On the other, the selection of extreme nationalists to lead these countries only guarantees them and their neighbors more violence and more isolation, two things which inevitably undercut any possibility that the problems which generated support for nationalism can be resolved.
By choosing Lennart Meri, who has presided over a difficult but ultimately very successful transition to democracy and a free market in his country, Estonia remains with the Czech Republic, led by President Vaclav Havel, as a beacon of the path between the Scylla of communism and the Charybdis of nationalism.
But neither this election nor that of Havel marks a final victory for the ideals that motivated those who led the revolutions of 1989 and 1991. Instead, this vote allows for the possibility that Estonia will continue to face the difficult questions of national life and security in a dangerous world with the confidence that democratic legitimacy and economic progress alone can bring.
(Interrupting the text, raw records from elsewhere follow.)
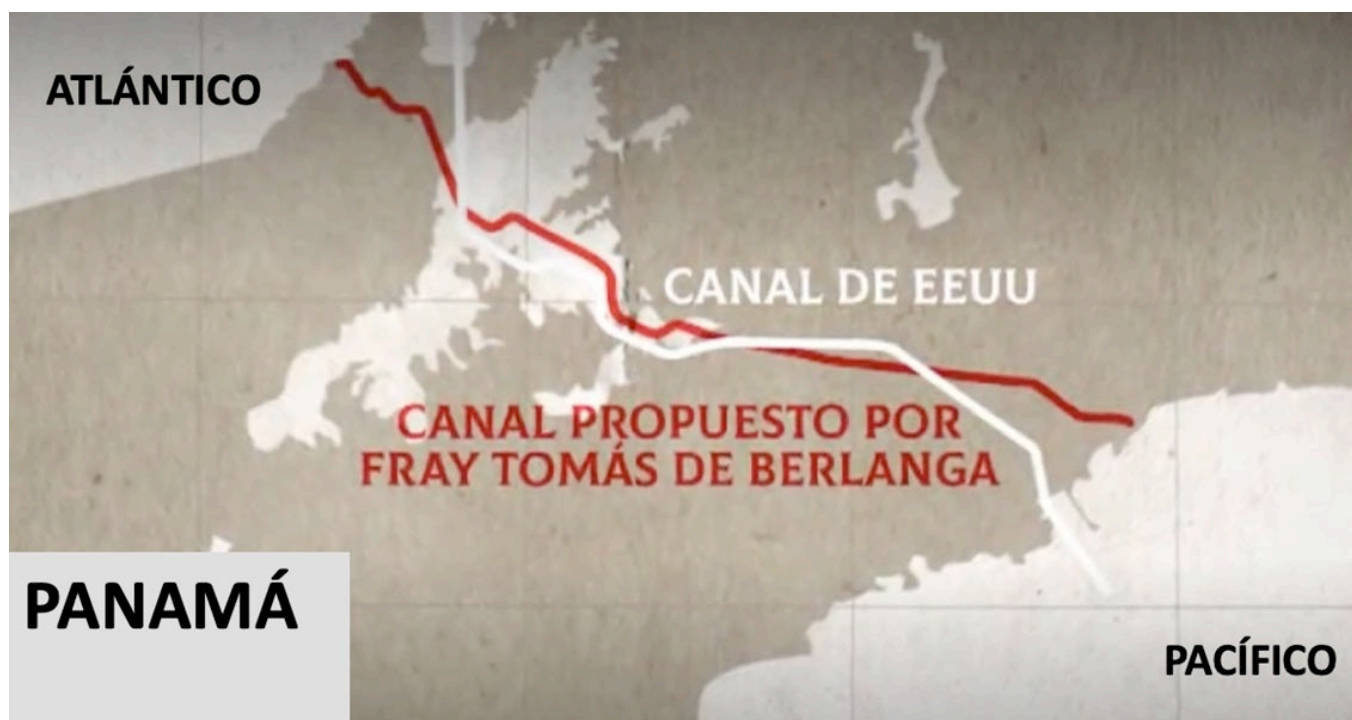
Figura 3. Proyecto de Fray Tomás y canal de Estados Unidos

Este fue el primer estudio realizado para la construcción de un canal que permitiera a los buques cruzar de un océano al otro por Panamá, y su curso seguía más o menos el del actual Canal de Panamá. Para cuando se terminó el levantamiento del mapa, el gobernador opinó que sería imposible para cualquiera lograr tal hazaña. Su idea se materializaría siglos más tarde con la obra de canalización del Chagres, y el consiguiente Canal de Panamá.
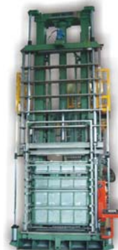
立式胀管机 Vertical Expander
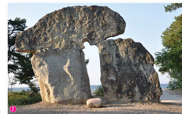
Памятник «Тем, кого забрало море»

6 Тир – на автостоянке рядом с тем местом, где берет свое начало природная тропа Колкских сосен, зоркий наблюдатель заметит современную заросшую широкую просеку, один конец которой заканчивается на морском побережье, а второй у дороги Колка – Вентспилс. Это место в советское время использовалось в военных целях – для обучения стрельбе.
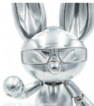
付属メガネパーツ

Estonian President Meri signaled his understanding of that by two steps he took immediately after being reelected.
First, he invited the candidates who had opposed him and all the members of the electoral collegium to a coffee at Kadriorg Palace, the residence of the Estonian president. By so doing, he underscored the important if often neglected point that in a democracy, political figures are often opponents to each other but they must never become enemies.
And then, Meri told a press conference in Tallinn that he did not believe his second term would be an easy time for him or for Estonia. As he put it, Estonia has faced many difficult questions in the past, but it now and in the future will face even more difficult ones as well.
Nonetheless, by avoiding the shoals that have wrecked so many, Estonia will be in a better position to deal precisely with these even more difficult problems.